What is controversial is the ontological ambiguity that modern philosophy seems to acknowledge. For instance, the logical positivists failed to produce any procedure that would allow one to produce objective observation statements divorced from theoretical content related to a modern account of theory-ladenness. If one's views are always contaminated or normative, there can be no objective description at all. Thus, on this view, there can be no real definition at all. Which brings us to our second topic the SEP covers, Concepts which are presumed to be that which real definitions allude to:
Concepts are the building blocks of thoughts. Consequently, they are crucial to such psychological processes as categorization, inference, memory, learning, and decision-making. This much is relatively uncontroversial. But the nature of concepts—the kind of things concepts are—and the constraints that govern a theory of concepts have been the subject of much debate
Again, we find that metaphysics has great bearing on definition, if definitions, as Locke held, are related to thoughts, concepts, or as he referred to them, Ideas. For instance, there is strong empirical evidence to doubt the classical theory of concepts. Again from the SEP:
The classical theory has come under considerable pressure in the last forty years or so, not just in philosophy but in psychology and other fields as well. For psychologists, the main problem has been that the classical theory has difficulty explaining a robust set of empirical findings. At the center of this work is the discovery that certain categories are taken to be more representative or typical and that typicality scores correlate with a wide variety of psychological data
You say:
In spite of this, the above form of argument is so common I think there should be a compact name for it, to refer people to. Is there any Stanford Encyclopedia of Philosophy article that elaborates on the fallacy of treating definitions as if they are assertions.
Therefore the argument is common, not because it is widely recognized as fallacy, but because the notion that definitions are objective descriptions of reality without truth conditions, as in the classical notion of real definition, is itself controversial. Robinson's work Definition adheres to the classical notion going so far as to claim that real definitions are not definitions at all in the sense of lexical definitions. But, post-positivist thinking strongly undermines this claim, such as in the works of Sellars and McDowell who go so far as to argue that the spontaneity of sensory impressions are themselves not objective therefore rejecting them as empirical experience, a notion known by the Myth of the Given.
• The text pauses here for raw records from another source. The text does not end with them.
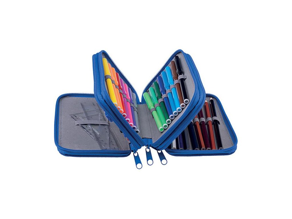 Školský peračník s výbavou v 3 priehradkách. Sada obsahuje: pravítka, 3 perá, ceruzka, guma, strúhadlo, 16 fixiek, 16 pasteliek. Mix motívov.Dodatočné parametre
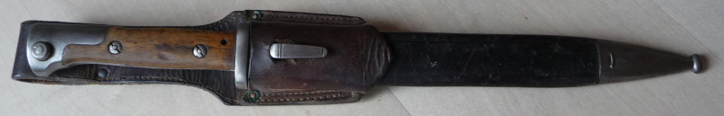 Dieses deutsche Bajonett ist gestempelt mit R.4.1 Hersteller: Alex Koppel. Der Koppelschuh könnte reissen, wenn man ihn abnimmt. Deshalb lasse ich ihn dran.
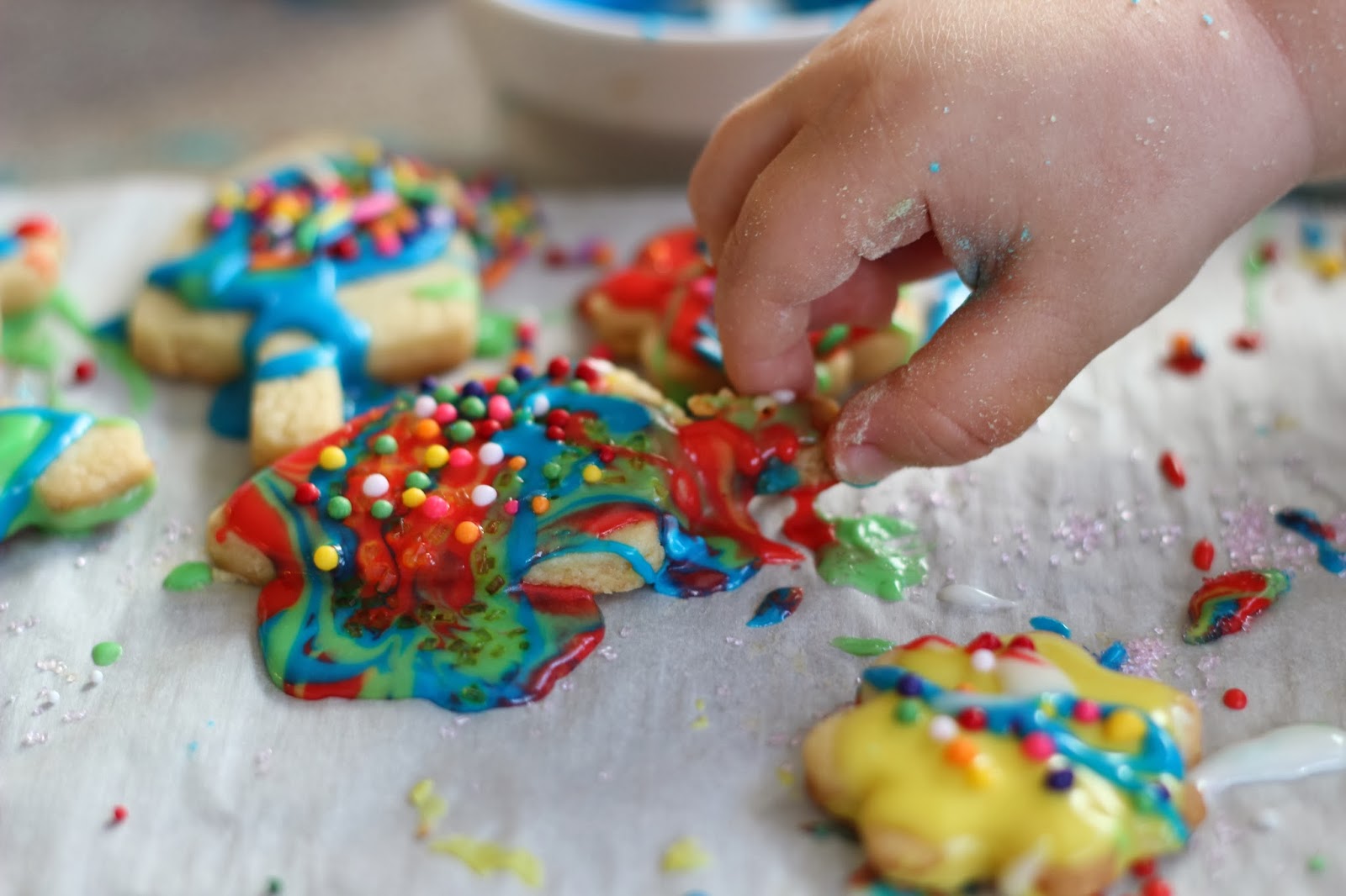 We’re in my hometown of St. Louis with my twin sister and my parents for the holidays. And while we don’t celebrate the religious aspect of Christmas, we truly appreciate and enjoy the spirit of Christmas. We’ve been marathoning Christmas movies and listening to music all month! My three-year-old, Ari, loves the “pretty lights!” and trying to spot “Olaf the snowman” from Frozen. Each year our family makes and decorates sugar cookies. This year, Ari took the reins and made a beautiful mess in the kitchen.

Given the sophistication of the argument, and the breadth of positions required to understand conceptualism, for instance, it often comes as a surprise to many to find that essentialist notions of definition are actually controversial. A similar pattern of surprise occurs to mathematicians who are frequently raised on a steady diet of Platonic thinking and then come to find that intuitionists in mathematics (SEP) reject core metaphysical presumptions of the objectivity of mathematics.
Thus, the position you cite is common not because it is fallacious, but because it contests your metaphysical presuppositions to begin with. Given the strength of both positions, to count one or the other is polemical, because both notions of definition have more than adequate metaphysical grounding. Rather, what you are witnessing is the schism inherent in the realist/anti-realist debate in ontology. We anti-realists simply do not agree to the "universal objectivity" of observation and definition you presume, and often reject certain key distinctions like the analytical-synthetic and the fact-value.